In an earlier post, IBM industry expert Chris Rospenda talked about how travel and transportation companies are returning to full operation. In part two of our discussion, he discusses what he excites him about the next few years, and offers some winning insight on why failing fast will get you ahead more quickly than striving for perfection.

Q: What’s exciting to you in the coming years and what excites your customers?

Automation: predictive automation and predictive analysis. I think we’ll see machine learning to the point where a manager gets a notice that there was a problem, it was corrected, parts were ordered, and the machine fixed itself, not the technician. Ten years from now, I believe we’re going to see more robotics and operation technology — not information technology, but operation technology. I think that that’s very exciting.

Chris Rospenda, travel and transportation expert for IBM

The other big interest is with drones. We can use drones to make life a lot easier from inspections on buildings, infrastructure, waterways, bridges, the antennas on top of the Hancock center in Chicago. Before, we would put somebody’s life on the line to go up there and look at it. Now we can do it with a drone. The visuals on drones are becoming more and more precise. We did some work a few years ago with an airline and drones doing inspections for fuselage damage due to lightning and hail and it worked. Now we’re going to get to the point that the resolution of those cameras is going to be incredible, so what else can you do with those?

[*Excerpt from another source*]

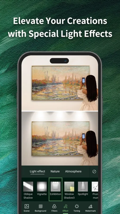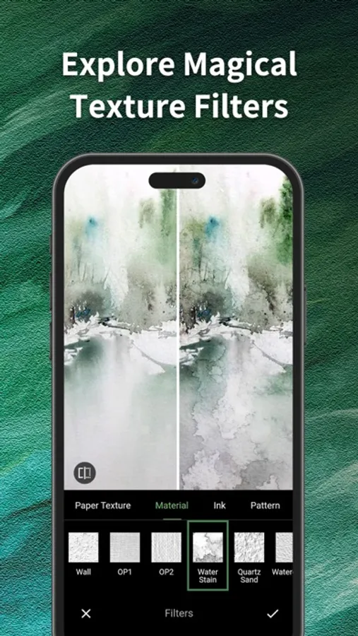 -Explore various material effects for your artwork, including wall textures, creases, linen fabric, water stains, and more.

We are already using drones for vegetation management in the IBM Environmental Intelligence Suite. We’re looking at wildlife management. What could be done next?  We could use them with the oceans, and the rivers, and the waterways, when we notice pollution flows. And we notice migratory patterns that we have never been able to manage before because we couldn’t afford to put an aircraft up there for eight hours to watch the whales migrate. But you could get a solar-powered drone to sit up there for 24-hours. NOAA would love that. Those are the things that excite me.

Q: Best piece of advice you would give to a T&T client looking at industry transformation?

Don’t reinvent the wheel (i.e. stick with what you know) and fail fast. Go do the job, put your heart and soul into it, fail, learn from it, get out and go do something else. Move on to the next plan because if you make enough sincere calculated attempts at success, you will be successful. And every time you fail, you learn something from it. Sure, it’s discouraging, it hurts, it’s embarrassing a lot of times, but you have to get past that. Nobody criticizes you for failing and doing the work, they criticize you for not doing anything.

I have to chuckle because a couple of years ago, a guy said to me, I’m not going to buy anything off the shelf I’m just going to use my team to build it. I said to him, that’s not your core business, right?  But he had investment money and thought he could do it even though it would take three or four years to build one module and by then the company would be three or four years behind. He insisted, though, that then the company would own the software.

The question is, how much are you investing to do that? If you run a trucking company, have the best drivers and the most efficient operations people, but don’t build software to manage your tires. Bottom line, if it’s not your core competency, don’t do it.

Q: What’s the thing you’re hearing most from your customers now?

I’ve talked to a couple of company presidents in the last few weeks and their big concern is keeping their employees safe. Then the other side is the liability if they don’t. They’re going to do the best they can for their employees. And if an employee has to take two or three weeks off to quarantine, let them do that.

People are truly optimistic about moving forward and getting on with normal life. But they don’t want to take the big leap just yet. You know in the mergers and acquisition space, I am certain that there are companies that have already contacted BCG or Booz, and said, Put this deal together for me and then put it on the shelf. When we think the economic climate is right, we’ll make an offer. But I think the offer is not sitting way back on the shelf, it’s right in front where a company can get to it quickly.